Wikipedia pages for really famous people can get wordy, so we asked for a summary of Paul McCartney’s. Some provided short blurbs with obvious Beatle factoids. Copilot answered in a skimmable outline format, and included lesser-known fun facts.
Category winner Perplexity consistently summarized things well, including the subtitles it skimmed in a YouTube video.

Scanning subtitles from a YouTube video is very impressive. In contrast to the rest, Perplexity cites sources with links and stays up to date.

I won’t use anything without a link.

Claude responded “I apologize, but I am not able to open URLs, links or videos,” making it useless for anything.

If you are into writing fiction and humor, you might wish to try Microsoft’s Copilot.

I have not tried any of them except a very early version of ChatGPT.

The AI Boom (or Do I Mean Bust)

Also consider Tech Workers Retool for Artificial-Intelligence Boom

Tech workers are feverishly retooling their skill sets for a time when every company suddenly wants to be an artificial-intelligence company—and every worker feels the need for AI chops.

“I’ve been leading with an AI-tailored resume for the last two to three months,” says Asif Dhanani, 31 years old, of Irvine, Calif., who was laid off from his job as a technical product manager at Amazon in March.

Dhanani has landed plenty of interviews for AI product manager roles, but he hasn’t received any offers.

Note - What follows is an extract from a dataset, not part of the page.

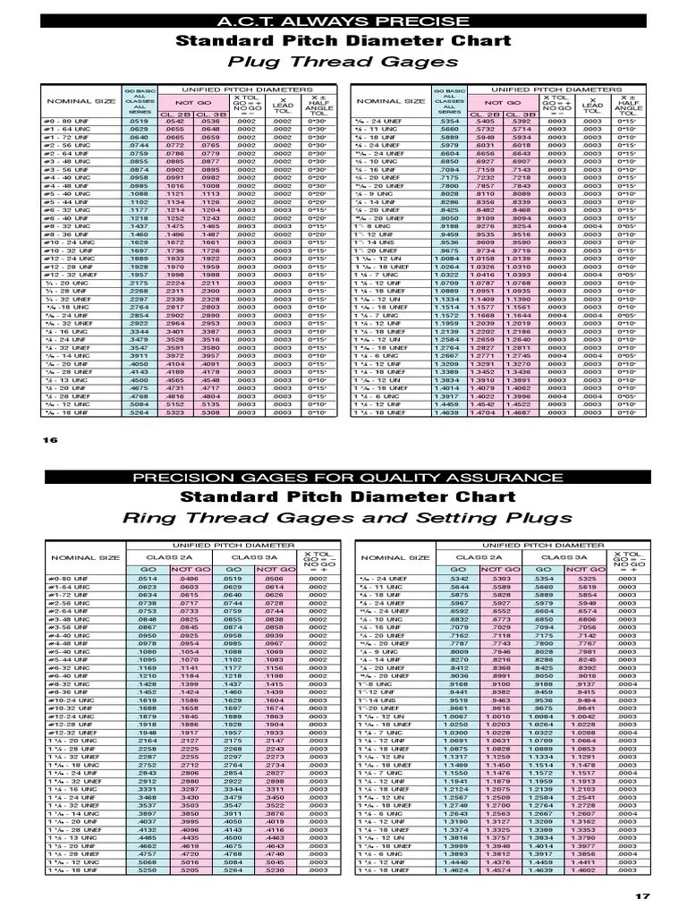 Standard Pitch Diameter Chart PDF Joining Cutting Tools

The tech labor market is in an unbalanced state. There is demand for a specific type of tier-one AI talent—namely those who have the technical knowledge or experience working with large language models, or LLMs, that fuel chatbots with the ability to generate content. There are companies seeking candidates with those skills, but not enough workers who are qualified to do them.

Then there is everyone else. Thousands of people have been laid off in the past few years, and many of those who remain employed are dealing with new management styles, reorganizations and microcuts, as more resources get shifted into AI. Those workers are now taking courses in AI, adding buzzwords to their résumés and competing in an increasingly crowded field.

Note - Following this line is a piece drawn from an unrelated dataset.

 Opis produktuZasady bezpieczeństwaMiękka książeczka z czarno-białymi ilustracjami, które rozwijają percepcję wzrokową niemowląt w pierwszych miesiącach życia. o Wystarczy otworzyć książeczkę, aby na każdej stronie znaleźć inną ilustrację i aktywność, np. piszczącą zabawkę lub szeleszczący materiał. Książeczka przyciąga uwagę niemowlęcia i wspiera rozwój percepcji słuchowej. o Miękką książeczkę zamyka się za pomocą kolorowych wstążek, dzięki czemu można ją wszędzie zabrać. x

Tony Phillips, co-founder of the Deep Atlas boot camp, says he has noticed a significant increase in the level of urgency that tech workers feel about the need to upskill. Deep Atlas recently added another five slots to their summer AI boot camp.

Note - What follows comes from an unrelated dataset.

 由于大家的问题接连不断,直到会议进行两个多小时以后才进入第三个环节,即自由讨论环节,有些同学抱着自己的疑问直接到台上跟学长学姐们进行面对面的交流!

“People started to see the writing on the wall that their jobs really could be obsolete,” he says. “You’re probably not going to get replaced by AI. You’re going to be replaced by someone who knows AI and does your job.”

New tech job postings fell from an average of around 308,000 a month in 2019 to 180,000 a month as of April, according to the tech trade association CompTIA.

Large tech companies are trying to make their entire workforces more AI-proficient. Trailhead, Salesforce’s training platform, currently offers 43 AI-related courses ranging from fundamentals to ethical AI use. Over 60,000 Salesforce employees have taken at least one AI course.

“We believe that everyone should be reskilled and in some way have the tools they need to have to succeed in this new world,” says Jayesh Govindarajan, senior vice president of Salesforce AI.

Creative Destruction

A big creative destruction bust cycle is on the horizon. Many people are going to lose their jobs.

However, we tend to overestimate the speed at which things happen.

I am not sure where we are, and I doubt anyone else does either. But I do know we have serious supply issues and energy concerns over all the data centers we need to support AI.

Data Center Energy Consumption

According to the IEA, electricity consumption from data centres, artificial intelligence (AI) and the cryptocurrency sector could double by 2026. Factor in the global push to EVs.